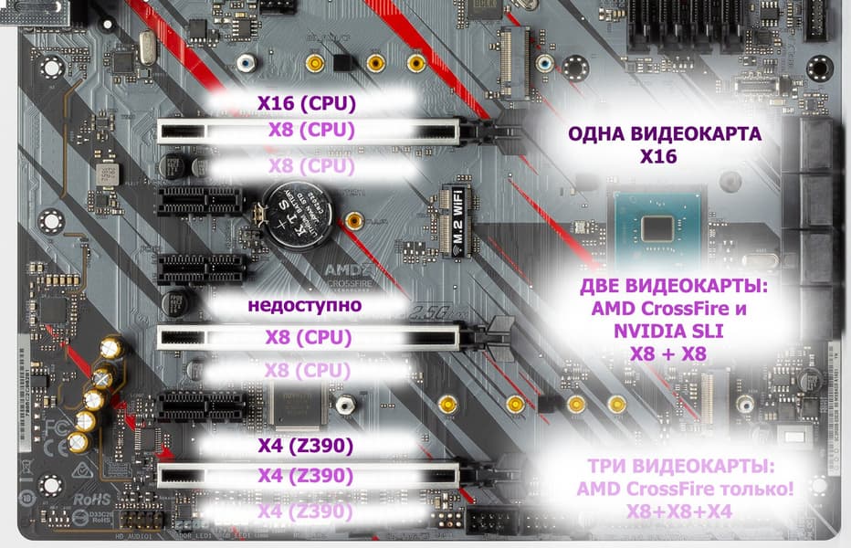 То есть полноценно получит 16 линий PCI-E только одиночная видеокарта, а «дуэт» из двух видеокарт в режиме SLI/CrossFire получит по 8 линий на каждый слот. Если использовать комбинацию из трех видеокарт (на сегодня это актуально только для технологии AMD CrossFireX), то первая и вторая карты получат по 8 линий, а третья — 4 (собственно, третий «длинный» слот всегда получает 4). Сильно ли это снижение количества линий на каждый слот ударит по производительности в целом? В случае двух карты -ощутимо, но не так уж сильно. А вот установка одновременно трех видеокарт уже кажется непрактичным решением.
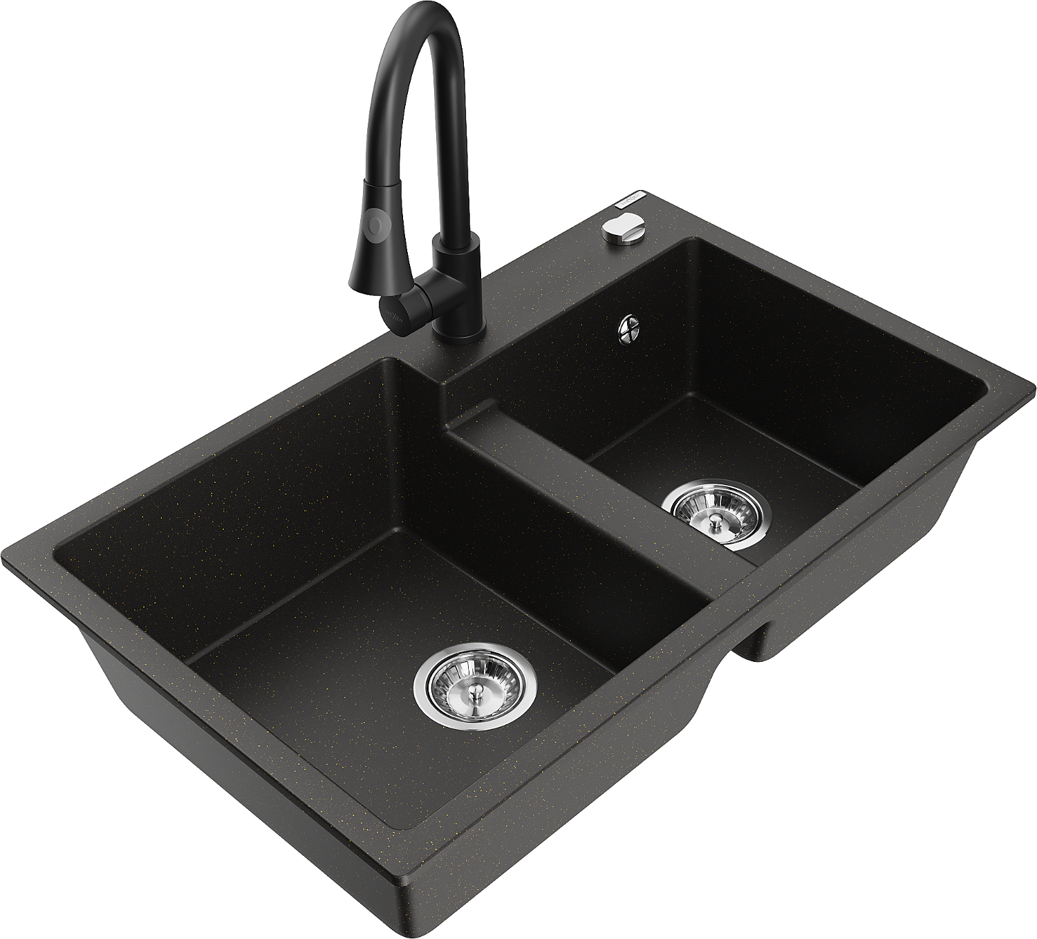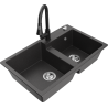 Mexen Tomas žulový dřez s 2 komorami a kuchyňskou baterií Elia, černý/zlatý metalický - 6516-75-670101-70
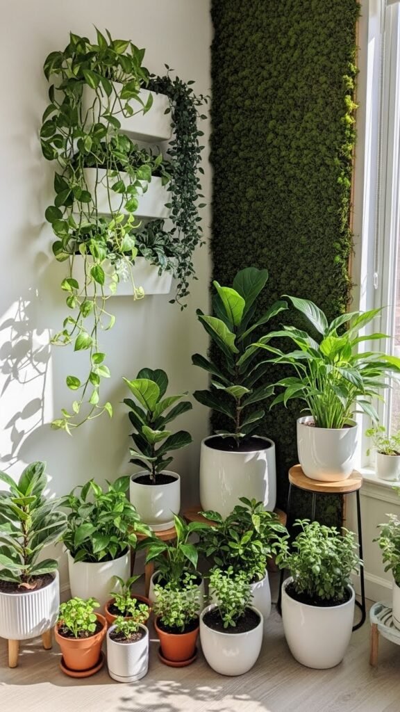 You’ll pair vertical planters for compact, upward drama with a tactile moss wall to soften lines.

_Task description_.
Reproduce the data word for word; no pictures.

_Expected answer_.
 То есть полноценно получит 16 линий PCI-E только одиночная видеокарта, а «дуэт» из двух видеокарт в режиме SLI/CrossFire получит по 8 линий на каждый слот. Если использовать комбинацию из трех видеокарт (на сегодня это актуально только для технологии AMD CrossFireX), то первая и вторая карты получат по 8 линий, а третья — 4 (собственно, третий «длинный» слот всегда получает 4). Сильно ли это снижение количества линий на каждый слот ударит по производительности в целом? В случае двух карты -ощутимо, но не так уж сильно. А вот установка одновременно трех видеокарт уже кажется непрактичным решением.
 Mexen Tomas žulový dřez s 2 komorami a kuchyňskou baterií Elia, černý/zlatý metalický - 6516-75-670101-70
 You’ll pair vertical planters for compact, upward drama with a tactile moss wall to soften lines.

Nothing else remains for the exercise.